Homelabs are awesome. Whether you’re self-hosting an adblocker, experimenting with networking, reducing your dependence on cloud services, or just backing up your files, it’s a great, practical way to learn using hardware you already own. The open source community makes a massive difference too; without amazing tools like Immich or Home Assistant it would be very difficult to take control of your own data and manage your digital resources, and I’m so thankful for the developers and contributors who make it possible. Over time my homelab has grown from a fun project to supporting thousands of daily users and millions of API calls per month, and I’ve learned so much in the process!

Starting Out

I began self-hosting when I was about 13, when I was gifted a Raspberry Pi Zero W for Christmas. Limited to just 512MB of RAM and a single USB port, I picked up the basics of SSH and slowly taught myself to move away from relying on a GUI, and within a few months I had set up a headless instance of Pi-Hole for my phone. Sure, it’s pretty much the most recommended Pi project out there, but it meant a lot to see the effects in real time after many hurdles and bugs! Within a year or so I moved on to a Pi model 4B with 4GB of RAM, which allowed me to start experimenting with Docker and hosting my own services on it. It wasn’t the most stable, and SD cards wore out quickly, but it was a nice introduction to networking too as I configured hostapd with my own adblocking DNS.

Outgrowing the Pi

Eventually, RAM became more of an issue, so I investigated my options for hardware.
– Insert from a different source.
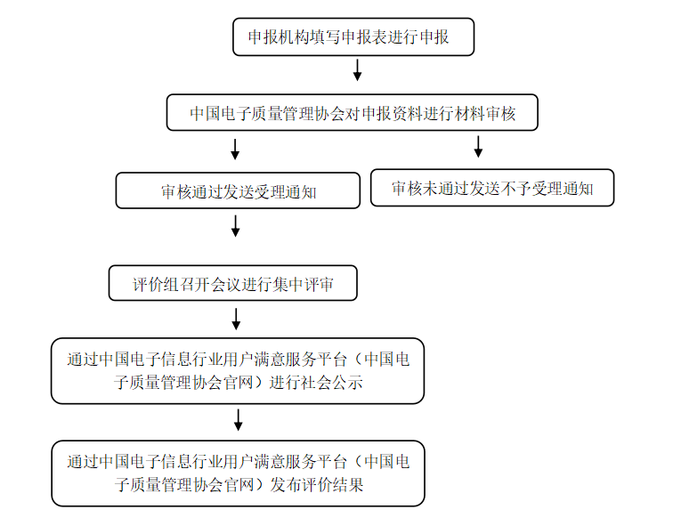 中国电子信息行业用户满意评价准则(试行)中国电子信息行业用户满意评价准则(试行) 第一章总则 第一条 为贯彻《中共中央 国务院关于开展质量提升行动的指导意见》(中发〔2017〕24号),落实工业和信息化部“工业质量品牌建设工作要求”,提升人民群众的质量获得感和消费满意度,持续推进实施中国电子信息行业用户满意评价工作,特制定本办法。 第二条 中国电子信息行业用户满意评价工作面向会员单位,遵循“自愿、公开、公正”原则对机构、产品、工程以及服务进行评价。 第二章组织机构 第三条中国电子信息行业用户满意评价工作由中国电子质量管理协会组织实施,各机构自愿参与申报。 第四条 中国电子质量管理协会根据工作需要,聘任相关领域的专家组成评价组,依据本准则开展中国电子信息行业用户满意评价工作。 第三章评价成员 第五条 中国电子信息行业用户满意评价组由组长、副组长、组员组成。 第六条 中国电子信息行业用户满意评价组成员应具备基本条件: (一)身体健康,年龄不超过70周岁; (二)熟悉用户满意相关工作的法律法规和方针政策; (三)接受过全面质量管理相关知识培训并有丰富的实践工作经验; (四)在所从事领域具有突出业绩和较高声誉; (五)坚持原则,公正廉洁,忠于职守; (六)能严格按照本准则要求开展评价工作。 第七条 评价组成员有下列情形的,应当回避: (一)与申报企业存在任何形式关联关系的,包括本人及近亲属在申报企业任职或离职不满2 年; (二)与申报企业存在任何形式关联关系的,包括本人及近亲属在与申报企业存在竞争关系的单位任职或离职不满2年; (三)与申报机构存在其他可能影响评价结果公正性的其他关系。 第四章申报要求 第八条用户满意申报内容包括:用户满意机构、用户满意产品、用户满意工程、用户满意服务、用户满意杰出管理者申报。 第九条基本条件 (一)正常生产、经营3 年以上的相关机构; (二)有诚信创建意愿,并向社会公开承诺; (三)自觉维护用户满意品牌形象。 第十条 分类申报条件 (一)中国电子信息行业用户满意机构申报条件 1、申报机构认真贯彻实施质量管理标准,对有强制性要求的产品已获认证注册;提供的产品或服务符合相关标准要求; 2、申报机构坚持“用户至上、质量第一”,持续提高用户满意和忠诚度,用户满意度测评结果达到80分以上; 3、申报机构应相关产品(工程)在国家、地方质量监督抽查中合格; 4、申报机构积极履行“双碳”、“安全可信”等社会责任并取得显著成效; 5、申报机构连续两年无重大质量、设备、伤亡、火灾和爆炸事故(按行业规定)及重大用户投诉。 (二)中国电子信息行业用户满意产品申报条件 1、申报产品在国家、地方质量监督抽查中合格; 2、申报产品采用国际或国内先进标准; 3、申报产品应符合绿色发展理念,与“双碳”要求相一致; 4、申报产品用户反映良好,用户满意度测评结果达到80分以上。 (三)中国电子信息行业用户满意工程申报条件 1、申报工程应符合国家或行业设计、施工技术规范和标准要求,并提供验收报告; 2、申报工程在使用过程中没有发现质量问题和隐患; 3、申报工程符合绿色发展理念,与“双碳”要求相一致; 4、申报工程用户反映良好,用户满意度测评结果达到80分以上。 (四)中国电子信息行业用户满意服务项目申报条件 1、申报服务项目贯彻落实国家、行业、地方的服务标准,具有健全的服务质量体系; 2、申报服务项目的服务标准及规范满足用户需求; 3、申报服务项目符合绿色发展理念,与“双碳”要求相一致; 4、申报服务用户反映良好,用户满意度测评结果达到80分以上。 (五)中国电子信息行业用户满意杰出管理者申报条件 1、申报人员至少已领导完成了一项用户满意大型项目,并且此项目获得相关荣誉称号; 2、申报人员在用户满意工作领域具有较高的知名度与美誉度。 第十一条有下列情形之一,不予申报评价 1、近两年内执法监督部门抽查公告为不合格的; 2、近三年内发生重大投诉事项经查属实的; 3、近三年受到相关部门严重行政处罚的; 4、存在其他严重违反法律法规行为的。 第五章评价程序第十二条申报 自愿向中国电子质量管理协会提出申请,并提交如下申报资料: (一)中国电子信息行业用户满意申报表; (二)第三方用户满意度测评报告,测评范围与推荐范围一致; (三)荣誉资质及其他证实性资料。 第十三条 材料审核 (一)中国电子质量管理协会对申报材料进行审核。 (二)对审核通过的机构,向其发出受理通知书。 (三)对不符合条件的机构,向其发出不予受理通知书。 第十四条 专家评价 (一)对于审核通过的机构,由评价组召开会议进行集中评审。 (二)评价组认为需要进一步核实有关情况的,提出具体实施意见并责成相关部门组织落实。 (三)必要时,中国电子质量管理协会组织有关专家抽取部分机构进行现场核实。 第十五条 社会公示 (一)通过中国电子信息行业用户满意服务平台(中国电子质量管理协会官网),公开发布拟授予用户满意称号的名单,征求社会各界意见,公示期一般不少于7日。 (二)公示期间有投诉或异议的,中国电子质量管理协会对投诉或异议所反映的情况进行调查核实并进行评议。 第十六条 通过中国电子信息行业用户满意服务平台(中国电子质量管理协会官网)发布评价结果。 第

The most common recommendation seemed to be mini-PCs (see project TinyMiniMicro). After some research, I settled on an Elitedesk 800 G3 Mini with 16GB of RAM and a 500GB SATA SSD. This was a huge step up in performance, and I was able to run more services like Immich for photo management, and started to host my personal projects on it too. I bought a domain from Cloudflare (no prizes for guessing what the domain is!) and set up a reverse proxy with Caddy to manage SSL certificates and routing. This setup worked well for a while, but as my projects grew in popularity, I started to run into limitations.

Users!

As my “My Runshaw” app gained traction, I found myself needing to support a rapidly growing user base. What started as a fun college project quickly turned into a service with close to 4,000 of daily users, and I started to reconsider the software I was using. Initially, I had a very basic combination of SQLite, Flask and Appwrite, but this became increasingly difficult to manage as the user base grew. SQLite, while great for small projects, struggled with concurrent access and larger datasets. I began to experience slowdowns and occasional crashes, which was unacceptable for a production service. To address this, I migrated to PostgreSQL for the database, which offered better performance and scalability, and restructured the backend to use FastAPI instead of Flask for improved speed and async support. Moving to a relational database structure was so beneficial that it should really have been the case since the beginning - and Appwrite has continued to work well for authentication, so I kept that in place. XCode Cloud has also been a lifesaver for building and distributing for iOS; having a reliable CI/CD pipeline that doesn’t rely on a pricey and unrepairable Mac helps so much.

Scaling Up

Having a mini-PC is amazing, but sometimes lacking in features when compared to proper servers. I needed power state restoration on power loss, ideally ECC RAM for data integrity, and remote management. Thanks to the generosity of the team at Britannia IT and Birkdale Computers, I was able to acquire a second-hand HPE Microserver Gen8 with 16GB of ECC RAM and a Celeron processor (which I immediately upgraded to a Xeon E3-1265L v2). This was a game-changer, especially with the iLO remote management capabilities, allowing me to manage the server without needing physical access. I considered setting up RAID with 4 drives, but ultimately decided against it due to the power usage and noise levels far exceeding my needs. Instead, I booted from a 2.5" SSD in a 3D printed adapter in the first bay, and used the second bay for a consumer-grade 2TB HDD which I only spin up for backups. I also swapped the stock power supply’s fan for a practically silent Noctua one, making a huge difference to noise levels.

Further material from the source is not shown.